*** Opening of Source information ***

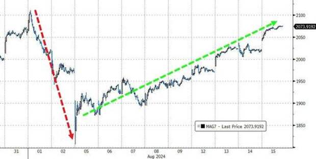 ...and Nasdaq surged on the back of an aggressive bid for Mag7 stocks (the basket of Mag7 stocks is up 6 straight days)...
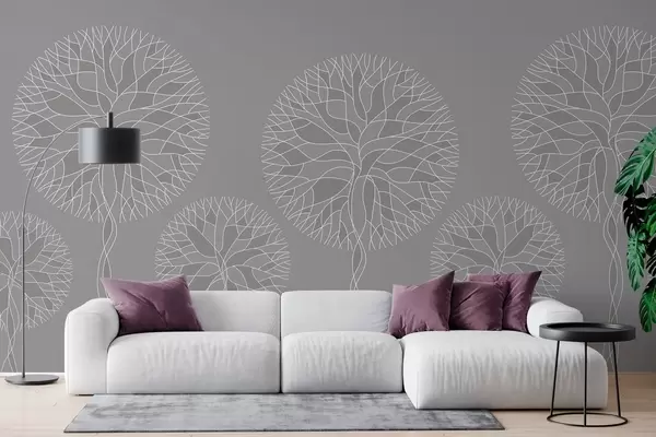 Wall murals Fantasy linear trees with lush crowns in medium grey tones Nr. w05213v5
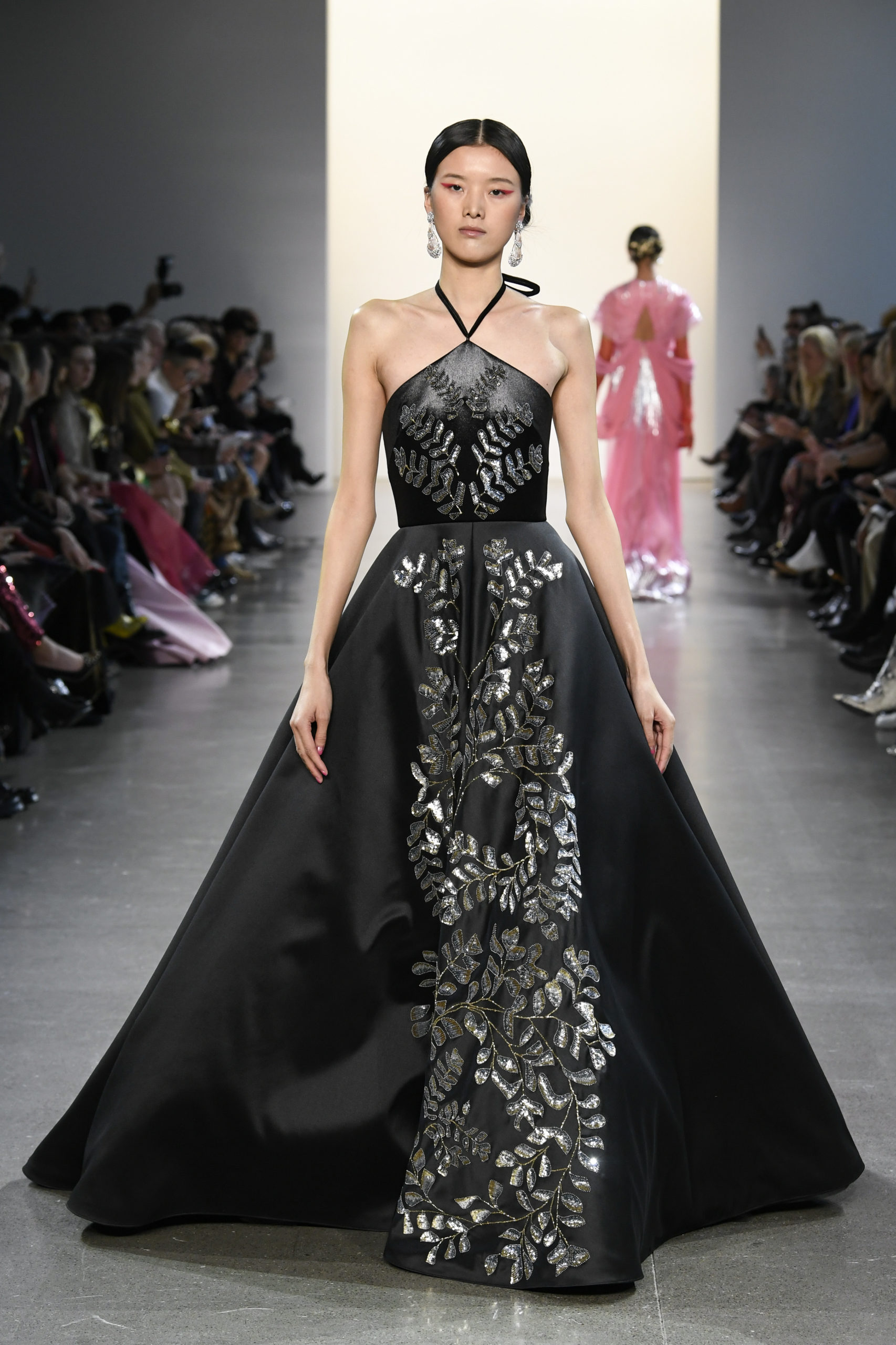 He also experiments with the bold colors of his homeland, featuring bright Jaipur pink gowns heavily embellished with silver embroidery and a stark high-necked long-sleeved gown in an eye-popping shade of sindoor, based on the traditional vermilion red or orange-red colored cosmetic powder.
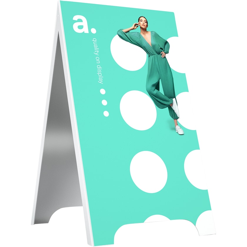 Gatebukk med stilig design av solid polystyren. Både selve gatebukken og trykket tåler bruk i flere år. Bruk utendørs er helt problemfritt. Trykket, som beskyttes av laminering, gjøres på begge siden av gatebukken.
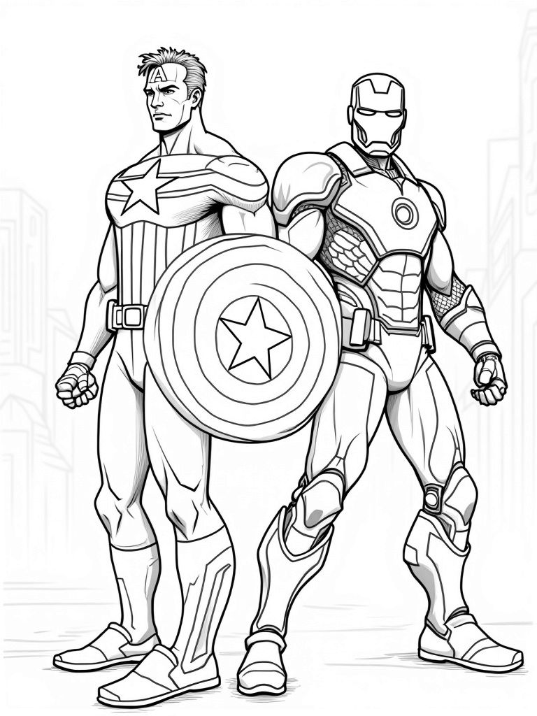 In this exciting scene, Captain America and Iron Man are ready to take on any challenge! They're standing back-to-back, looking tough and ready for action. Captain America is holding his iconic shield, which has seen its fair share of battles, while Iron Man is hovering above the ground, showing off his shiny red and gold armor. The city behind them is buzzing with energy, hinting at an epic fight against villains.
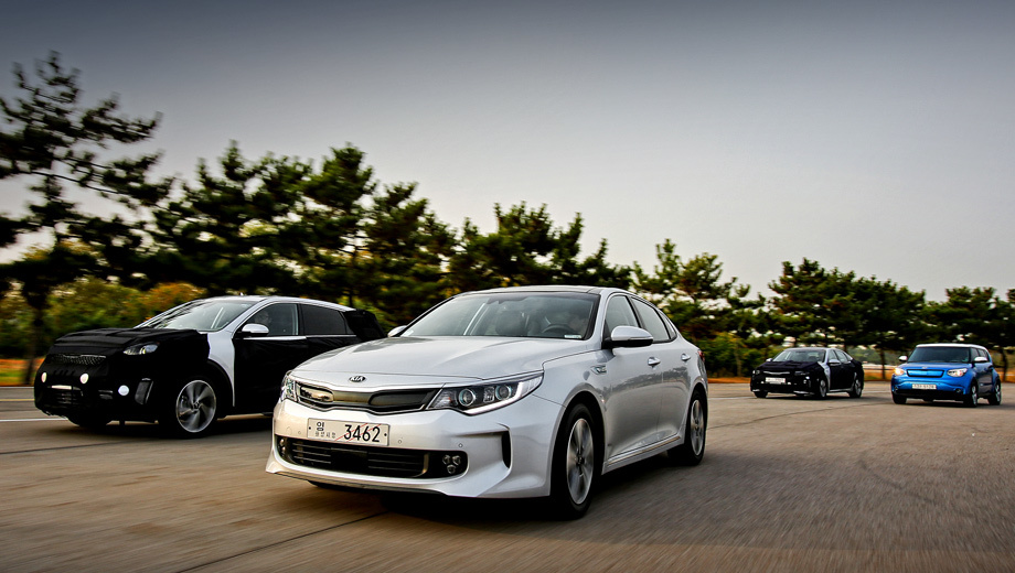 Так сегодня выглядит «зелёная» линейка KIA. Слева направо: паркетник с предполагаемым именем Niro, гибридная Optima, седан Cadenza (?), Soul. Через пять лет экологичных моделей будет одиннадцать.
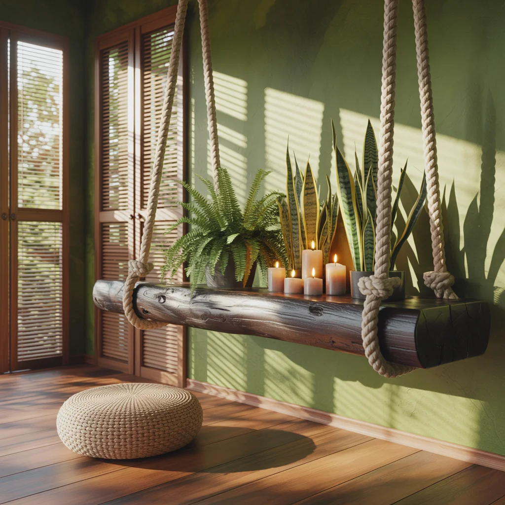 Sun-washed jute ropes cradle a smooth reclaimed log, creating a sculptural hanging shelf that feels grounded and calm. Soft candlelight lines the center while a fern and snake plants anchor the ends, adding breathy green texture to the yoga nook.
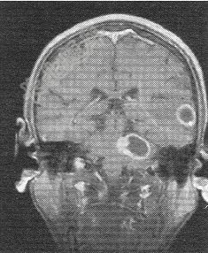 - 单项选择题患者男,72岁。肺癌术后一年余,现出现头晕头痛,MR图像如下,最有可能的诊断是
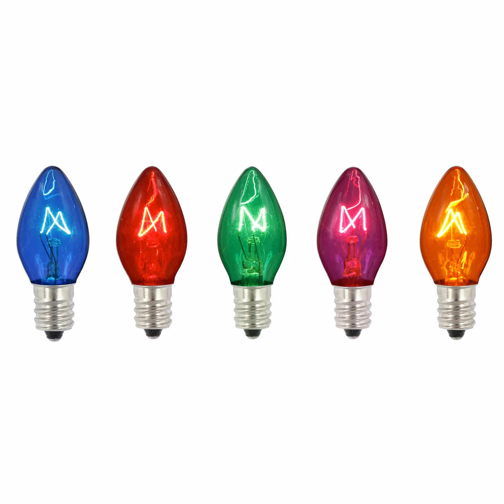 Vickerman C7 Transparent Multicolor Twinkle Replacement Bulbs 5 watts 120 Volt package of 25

*** Close of Source information ***

◆ What is being asked: Exact copies of the entries above are needed, with every picture removed.

◆ Result below:
 ...and Nasdaq surged on the back of an aggressive bid for Mag7 stocks (the basket of Mag7 stocks is up 6 straight days)...
 Wall murals Fantasy linear trees with lush crowns in medium grey tones Nr. w05213v5
 He also experiments with the bold colors of his homeland, featuring bright Jaipur pink gowns heavily embellished with silver embroidery and a stark high-necked long-sleeved gown in an eye-popping shade of sindoor, based on the traditional vermilion red or orange-red colored cosmetic powder.
 Gatebukk med stilig design av solid polystyren. Både selve gatebukken og trykket tåler bruk i flere år. Bruk utendørs er helt problemfritt. Trykket, som beskyttes av laminering, gjøres på begge siden av gatebukken.
 In this exciting scene, Captain America and Iron Man are ready to take on any challenge! They're standing back-to-back, looking tough and ready for action. Captain America is holding his iconic shield, which has seen its fair share of battles, while Iron Man is hovering above the ground, showing off his shiny red and gold armor. The city behind them is buzzing with energy, hinting at an epic fight against villains.
 Так сегодня выглядит «зелёная» линейка KIA. Слева направо: паркетник с предполагаемым именем Niro, гибридная Optima, седан Cadenza (?), Soul. Через пять лет экологичных моделей будет одиннадцать.
 Sun-washed jute ropes cradle a smooth reclaimed log, creating a sculptural hanging shelf that feels grounded and calm. Soft candlelight lines the center while a fern and snake plants anchor the ends, adding breathy green texture to the yoga nook.
 - 单项选择题患者男,72岁。肺癌术后一年余,现出现头晕头痛,MR图像如下,最有可能的诊断是
 Vickerman C7 Transparent Multicolor Twinkle Replacement Bulbs 5 watts 120 Volt package of 25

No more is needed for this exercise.